In the case of (X=1; r1=Y) || (Y=1; r2=X) happening you could treat both of the processes as atomic events that read from some memory (or intermediate buffer) and write to some memory (or intermediate buffer). In the buffered case both pairs of operations could overlap in time and thus operate on 'stale' data, producing the r1=0, r2=0 case as a result. This leads to three possible interleavings L;R, or R;L, or L||R (that is both processes buffer the contents of memory and then execute at the same time).

The description in the paper covers the three sequentially consistent interleavings (which are L;R, R;L and also L0;R0;L1;R1) and introduces something with the same effect as L||R by describing a store buffer. The above description should make it obvious that the same effect can be produced using a read buffer infront of both pieces of code.

If you break down the memory into explicit (non-shared) buffers and make explicit the filling of these buffers then these kinds of effects are easier to model. This claim is well-known in the CSP community and is the basis for the argument that CSP-style semantics that make these steps explicit are more composable than descriptions of processes using shared-memory semantics. (and of course there is a whole separate body of claims for an asynchronous message passing style as well).
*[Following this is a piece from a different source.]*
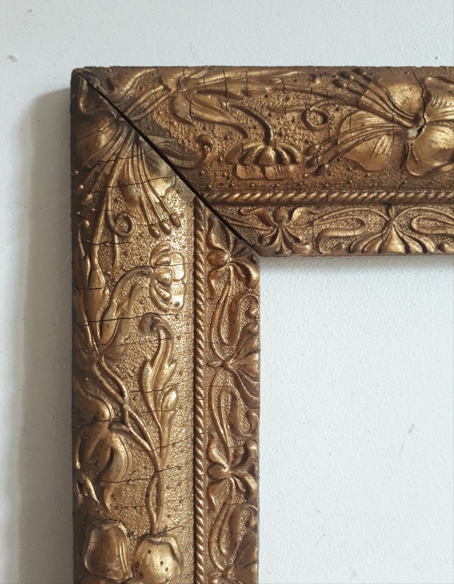 Frame in wood and gilded stucco from the 1900s, with Art Nouveau floral motifs.

In both cases a model is being defined to reason about what effects different forms of parallel execution can have on a program and how to expose that model to the programmer in the language semantics. The paper makes the case that a model of shared-memory that exposes all of the warts and weirdness is simply too much for the programmer to understand - but that the solution lies in defining a weaker memory model that only exposes some of the problems. Given that an alternative model exists that precisely shows where these problems crop up it seems a strange approach to me.

Even a message passing model

Even a message passing model needs to guarantee that values received are the same as values sent

Well, it doesn't _need_ to guarantee this, and practically speaking it can't if you're sending messages over an unreliable network.

It could specify that the chance of undetected random corruption must be below some threshold, though.